“Rock of Ages” is a hit, award-nominated Broadway Jukebox Musical that has ran on and off since its debut in 2006. In the film version, director Adam Shankman (“Hairspray,” “A Walk to Remember”) has used his background in dance and music to bring the light-hearted comedic stage show to the big screen with the help of classic ‘80s metal and an all-star celebrity cast.
In 1987, Sherrie Christian (Julianne Hough) — a small-town girl from Oklahoma — travels to Los Angeles in hopes of making her singing and acting dreams come true. Upon arrival, she is mugged and helped out by Drew Boley (Diego Boneta), who works as a busboy at the infamous rock club The Bourbon Room. Drew persuades the club’s owner, Dennis Dupree (Alec Baldwin), to hire her as a waitress for the club.
Dennis’ right-hand man, Lonny (Russell Brand), is by his side helping him try to revive the dying club. Their one last shot at keeping The Bourbon Room alive is to hold a farewell concert for the rock band Arsenal, as it is their last show before lead singer Stacee Jaxx (Tom Cruise) goes solo in his career. Things would be easier if it weren’t for Stacee’s sleazy manager Paul Gill (Paul Giamatti) and also an uprising from Mayor Mike Whitmore (Bryan Cranston) and his wife Patricia (Catherine Zeta-Jones), who are forcing their agenda of cleaning up the Los Angeles strip and ridding the town of the evil music played at The Bourbon Room.
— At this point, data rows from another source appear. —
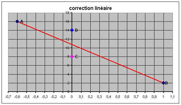 Si la température à corriger est de 14° (point D) alors la correction à apporter sera négative (de D il faut se déplacer vers la gauche pour rejoindre le segment rouge) et vaut approximativement -0.37°, on aura donc Tcorr = T - 0.37°.
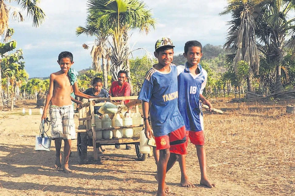 திமோர் லெஸ்டேவில் இந்தப் பையன்கள் ஒரு வண்டி மூலம் குடிநீரைக் கொண்டு வருகிறார்கள். படம்: மெர்சி ரிலீஃப்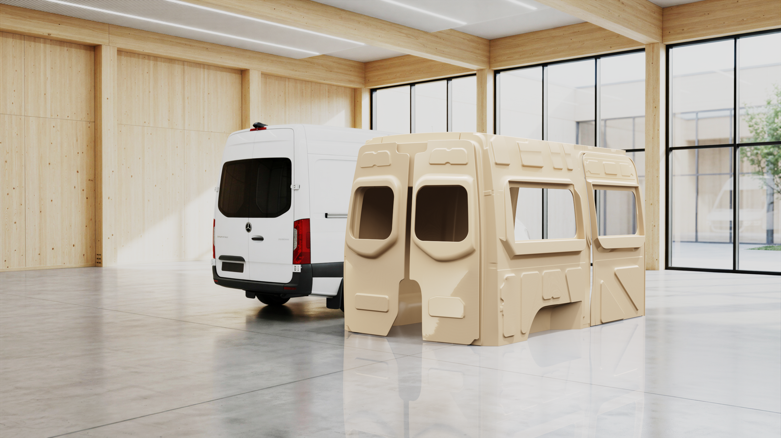 3D printed components host a wide range of technical geometries including air ducts, insulation, electrical runs, lighting and mounting systems.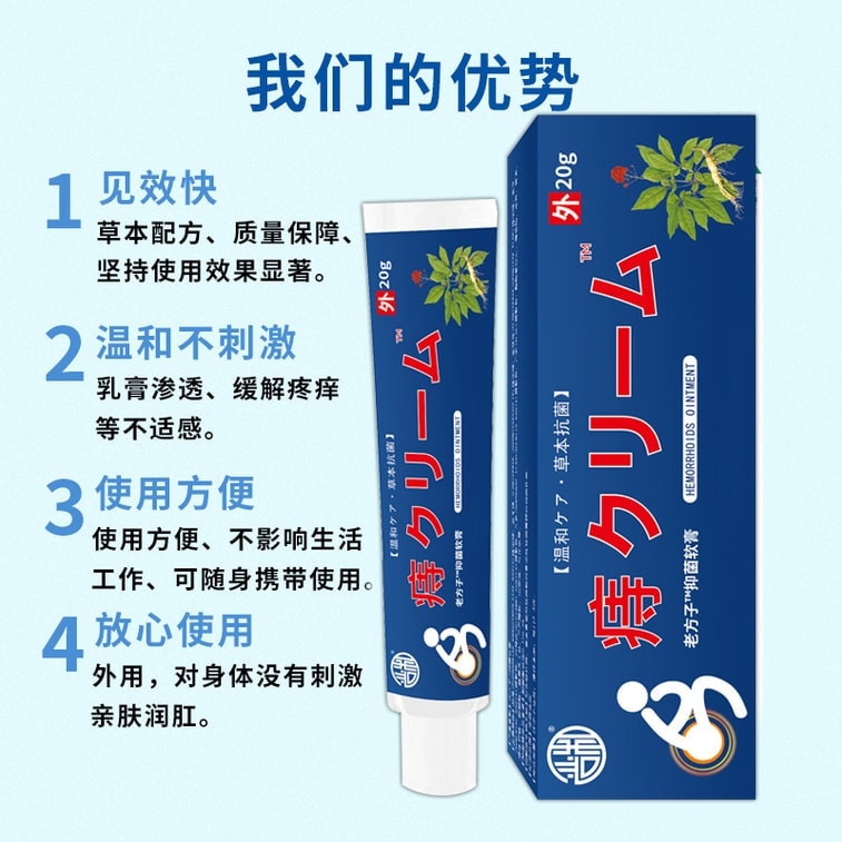 YAN HE Japanese Hemorrhoid Ointment For Topical Application Hemorrhoid Antibacterial Ointment 20g/ box | Yami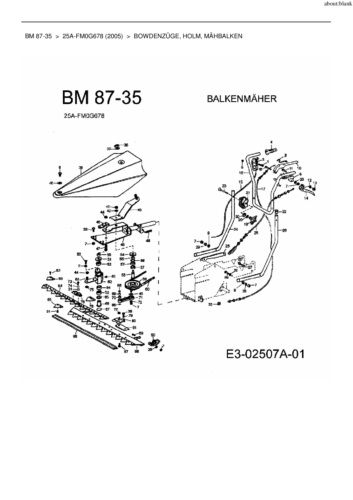Zeichnung für MTD Balkenmäher BM 87-35 mit der Geräte-Artikelnr. 25A-FM0G678 ab Baujahr 2005: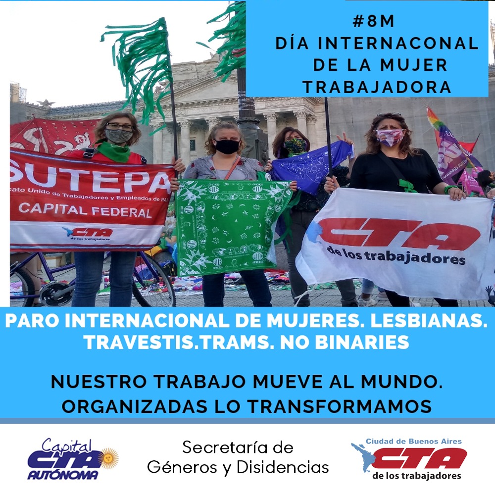 8M: Día Internacional de la Mujer Trabajadora 📢 Paro internacional de mujeres, lesbianas, travestis, trans, no binaries ✊🏽 Nuestro trabajo mueve al mundo, organizadas lo transformamos #DiaInternacionalDeLaMujerTrabajadora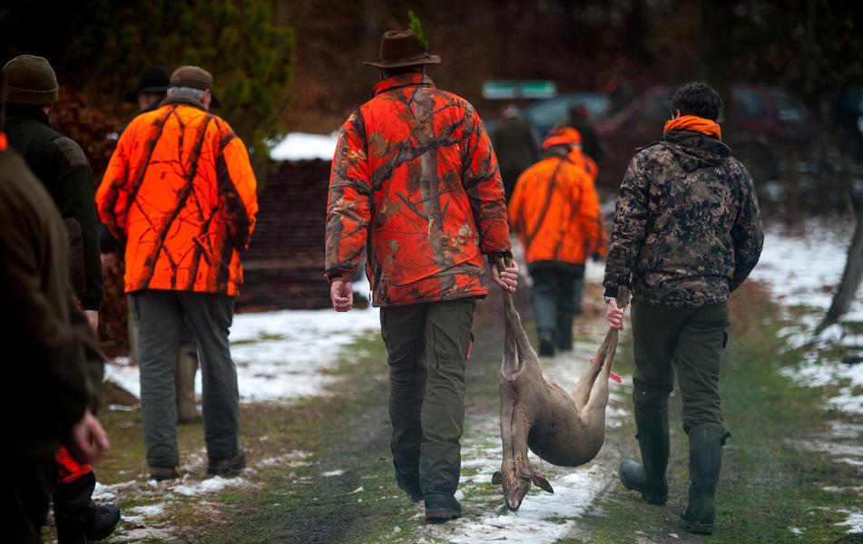 ARCHIVE – Two hunters transport a hunted deer on November 15, 2016 in Niedersachsen after a pressure hunt.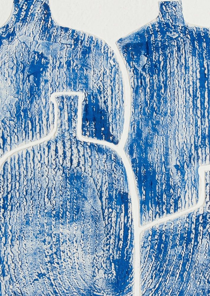 "The four blue bottles" zijn onderdeel van een serie genaamd "Still Life" van de Franse kunstenares Beatrice Chauville. Het stilleven schilderij met 4 blauwe flessen heeft een rustgevende uitstraling en is een eerbetoon aan de schoonheid van het leven. De flessen zijn geschilderd in verschillende nuances blauw, waardoor het schilderij een diepe, kalmerende sfeer heeft. Het handgemaakte papier waarop de flessen zijn afgebeeld geeft het schilderij een unieke uitstraling, waardoor het een kunstwerk is waar je naar kunt blijven kijken. De flessen staan symbool voor de kracht van natuurlijke elementen en de schoonheid van de wereld.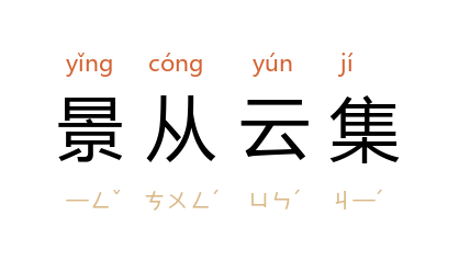 景:同“影”。如影随形,如云聚集。形容很快聚集了许多追逐者。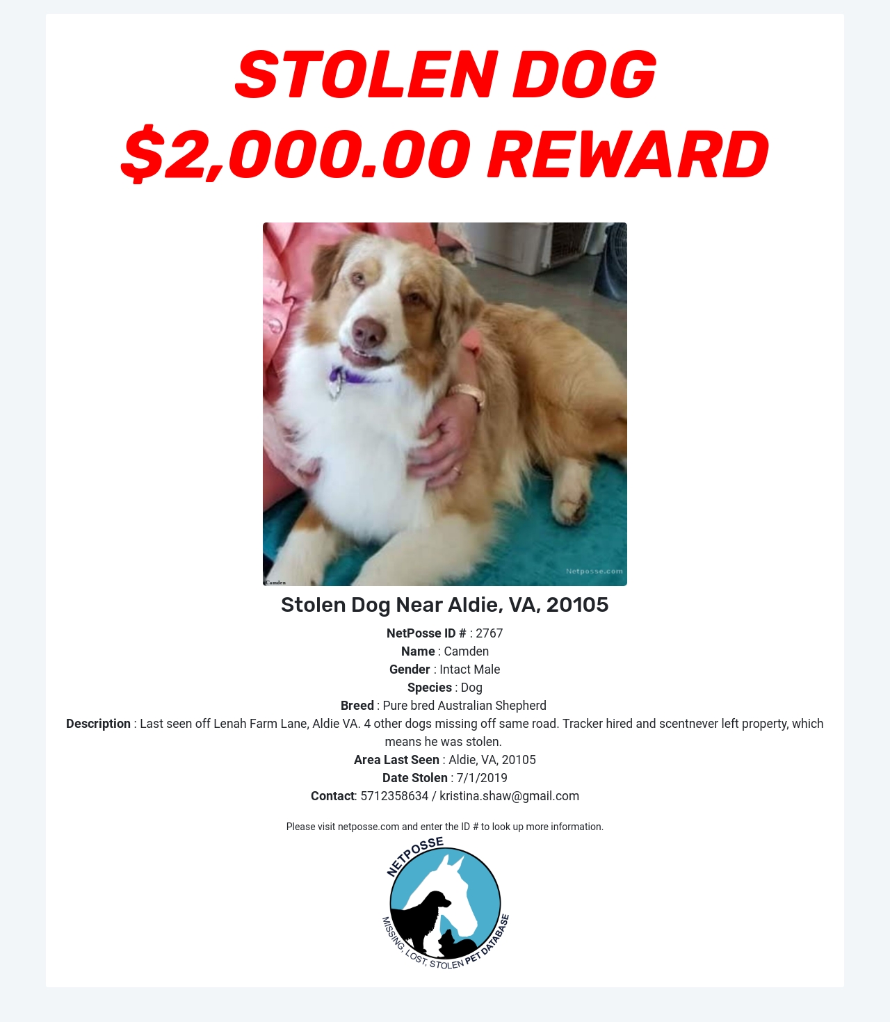 Description: Last seen off Lenah Farm Lane, Aldie VA. 4 other dogs missing off same road. Tracker hired and scentnever left property, which means he was stolen.

The night of the big concert, Drew gets his big break when the opening act for Arsenal has to cancel. While Sherrie is excited, there is some trepidation on her part as she is concerned about what the spotlight can do to a man. As mistakes are made and misunderstandings occur, the young couple split and Drew gets signed by Stacee Jaxx’s manager, and Sherrie is left jobless and winds up heartbroken at the doorsteps of a strip club owned and operated by Justice Charlier (Mary J. Blige) and takes a job there. As each character’s life seems to go in opposite directions, we get revelations of characters and what each truly wants from life, but will all of this lead back to love conquering all and the chance to Rock-On once again?
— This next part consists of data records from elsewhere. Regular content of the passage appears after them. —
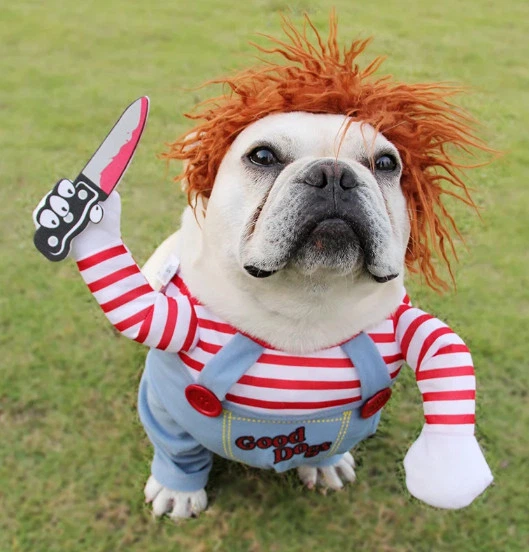 Костюм для домашніх тварин RESTEQ, костюм для собак Чакі розмір L — вбрання для пса у стилі персонажа фільму жахів, оригінал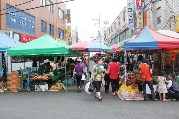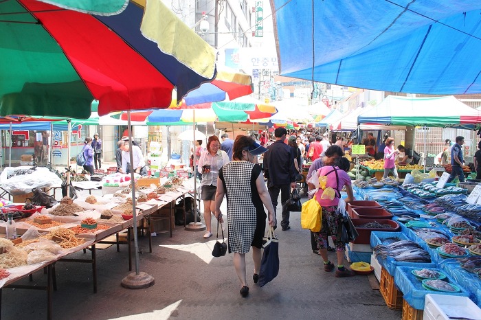 안중전통시장은 1995년 서부 4개면( 포승면(읍), 청북면, 오성면, 현덕면)의 중심지인 오성면 안중리에 시장이 형성되었으나, 안중이 읍으로 승격되며 서부지역 5개 읍·면을 어우르는 전통시장으로 300여개의 점포가 입점할 만큼 성장해 왔으나, 대형마트 입점 등으로 인한 전통시장경제가 위축, 대응차원으로 전통5일장을 확대하여, 생활과 밀접한 상품과 먹거리를 다양하게 즐길 수 있는 종합시장으로 재 개장했습니다.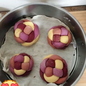 面粉200g一份,分4份,分别加入蔬菜粉,酵母温牛奶化开,我用了200ml牛奶化开,然后分成50ml一份~分别加入四份面粉中,加牛奶搅拌活成面团~面团千万不要太粘……我这些面➕化开酵母用的牛奶总计550ml……活好面团发酵至两倍三倍,加糖揉面排气~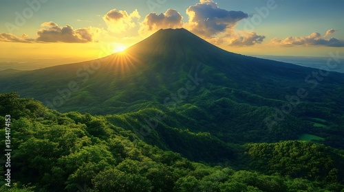 © Linus, Fototapeta premium A mountain range with a bright sun shining on it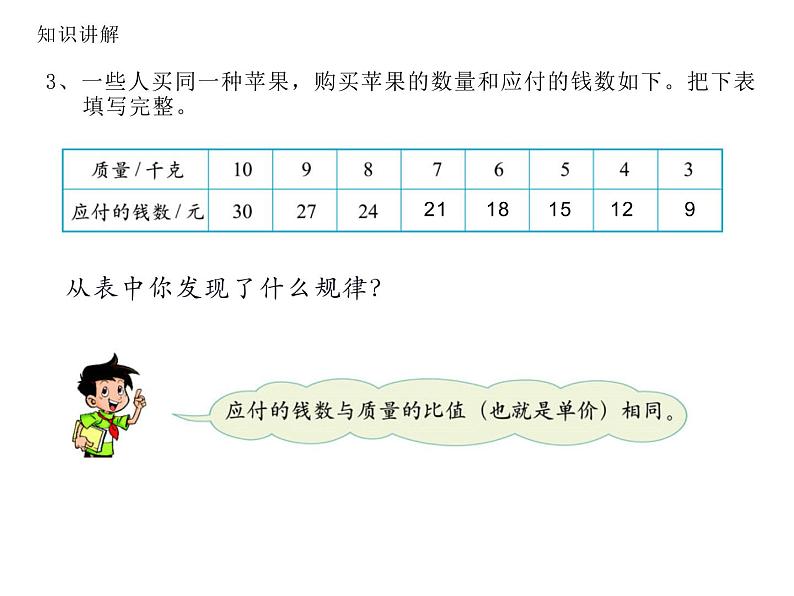 3、一些人买同一种苹果,购买苹果的数量和应付的钱数如下。把下表 填写完整。

“Rock of Ages” is a unique musical. It appeals to a clear demographic and although the very talented and diverse cast is sure to lead others to the theater, it is mostly designed to please those with a taste for music from the ‘80s. Personally, I wouldn’t consider myself to fall into that category, but I do like musicals and truly enjoy hearing great music from any genre as long as it is sung by someone with a great voice. This film has all of that and more, with a mixture of emotions and an overall fun atmosphere that makes you want to dance or sing-along to iconic songs by groups like; Styx, Journey, Bon Jovi, Twisted Sister, Poison and many more. The music is the highlight of the film, along with the aesthetics and array of beautifully choreographed dance numbers, accompanied by some great performance by Tom Cruise, Diego Boneta, Mary J. Blige, Catherine Zeta-Jones and others.
While it has a surprisingly light-hearted tone, “Rock of Ages” has given Tom Cruise the chance to play the type of wildly outrageous role that he does all too well. The constant state of intoxication — mixed with women of a very open mindset – creates humor in the character of Stacee Jaxx. He is funny, while being raunchy and even a little sad. You can see all of these emotions shine through the performance while Tom Cruise belts out musical numbers like “Wanted Dead or Alive” and “Pour Some Sugar on Me” to an ecstatic crowd.
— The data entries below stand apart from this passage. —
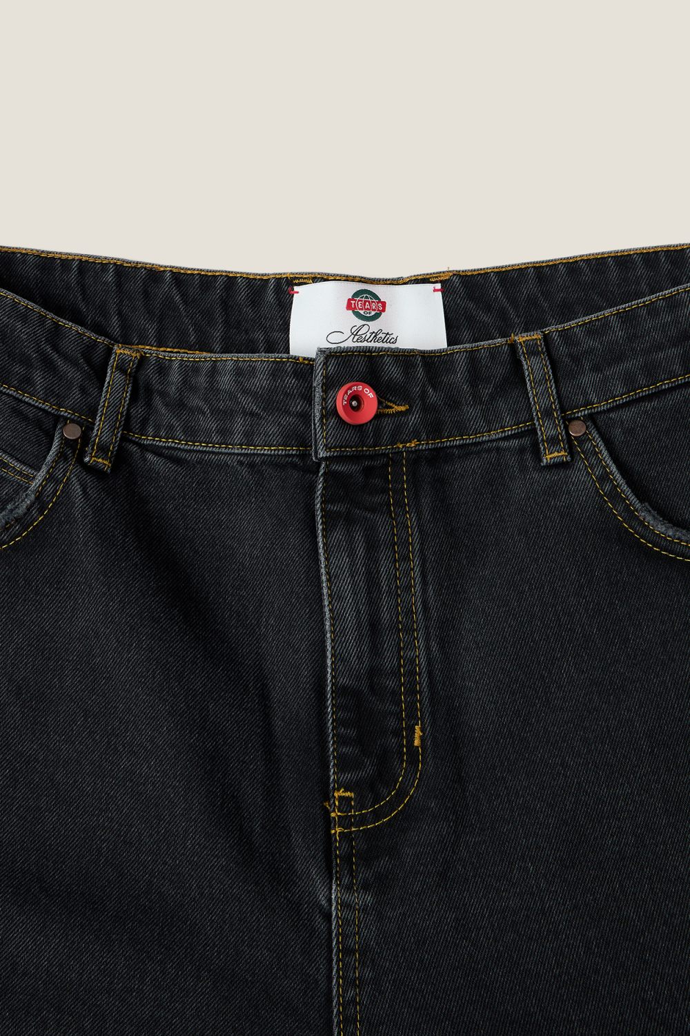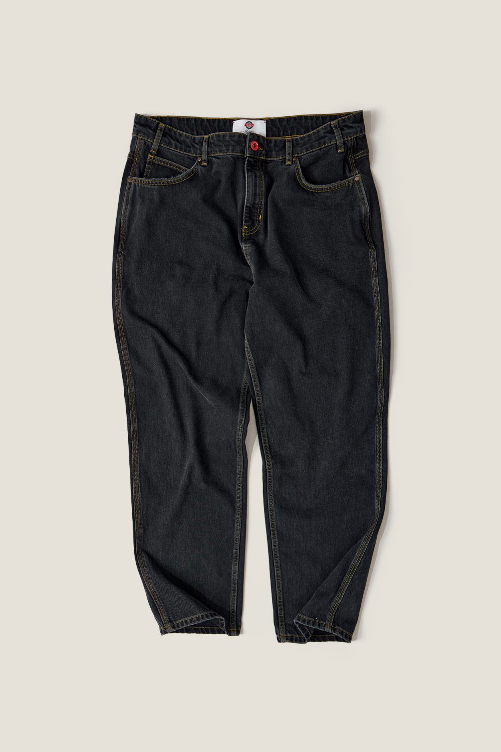 Джинсы из 100% хлопка прямого кроя черного цвета и контрастными нитями. Пять карманов. Застежка на молнии с контрастной пуговицей спереди. Внутренний шнурок для регулировки посадки. Жаккардовый флажок с логотипом изнутри на нижнем крае штанины. Фирменный нашивной лейбл на заднем кармане. Цвет: черный.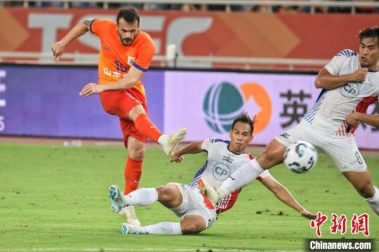 山東泰山隊卡扎伊什維利(左一)在比賽中射門。中新社發(fā) 陳陽 攝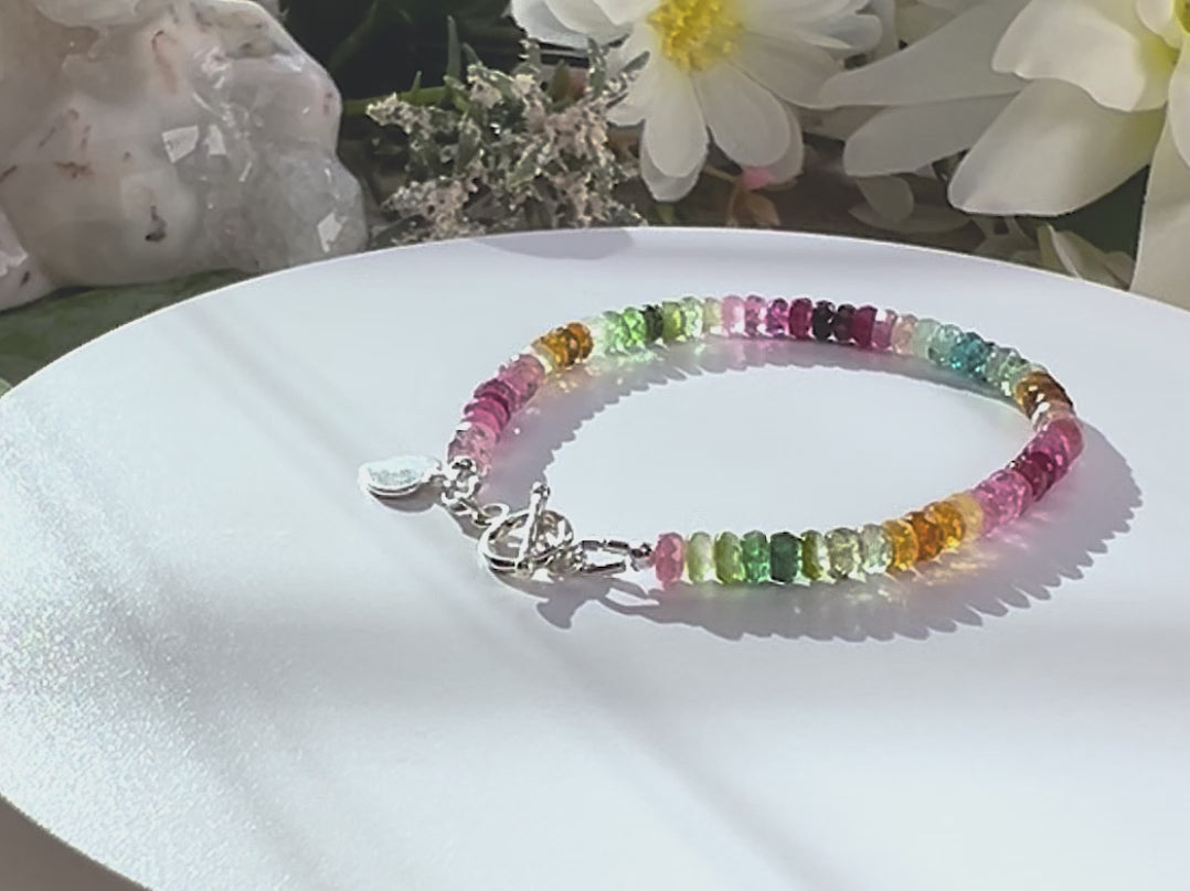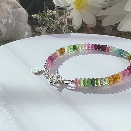 This bracelet is made up of roundel, faceted AAA Watermelon Tourmaline beads with sterling silver accents. It is finished with a sterling silver toggle and heart charm.

Diego Boneta is a great discovery and I was amazed at his voice and not at all surprised that he has been singing publicly since he was just 13 years old. I thought he had good chemistry with Julianne Hough’s Sherrie, but seeing as this is the true definition of an ensemble cast, there doesn’t seem to be a central star – unless you count the music.
Also worth noting: Mary J. Blige really impressed me. Despite a small amount of screen time, she still was one of my favorite characters. We already know that she can sing, but the sassiness and strength she brought to her character, Justice, was great.
There were many storylines going on, so it is hard to highlight them all, but I believe the movie provides a fun, entertaining time while also tapping into the deep nostalgia that most people have for that certain decade of their youth. Although I grew up in the ‘80s, I was too young to be into the music. However, I still knew a majority of the songs going in and had no trouble singing along with the music.
While there are a few problems with the film, they were minor. The mixture of music, visuals, great costumes and wild hair is sure to keep all who see “Rock of Ages” entertained.